J Rehabil Res Dev. 2015;52(6):629-40. doi: 10.1682/JRRD.2014.12.0302.

Abstract

Symphysis pubis diastasis (SPD) is an infrequent complication of labor that can impair womens' general health through failure of the passive stability of the pelvic girdle. Although conservative approaches are often used to decrease symptoms and interpubic separation, notably few studies have analyzed the effect of these methods on managing the symptoms of women with SPD. The purpose of this study was to review the available literature on the conservative treatment of SPD during pregnancy and labor. A computer-based search using PubMed, PEDro, and CINAHL was performed up to November 2014. We selected all studies that considered women with SPD during pregnancy or labor and treated them with conservative methods and excluded those that included surgical intervention.

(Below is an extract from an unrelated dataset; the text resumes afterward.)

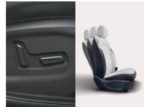
Power driver seat - 8 way

Other features: Driver rear view monitor | Front row ventilated seats | Voice enabled smart panoramic sunroof 60:40 split rear seat with 2-step recline | Rear wireless charger

Eighteen studies were selected, most of which were case reports. Although the overall results of conservative treatment were unclear because of the type and design of the obtained studies, most of the studies reported bed rest in the lateral decubitus position and a pelvic girdle as basic treatments. Additionally, the few clinical trials reported recommended additional physiotherapy, including strengthening and stabilizing exercises, to reduce SPD symptoms.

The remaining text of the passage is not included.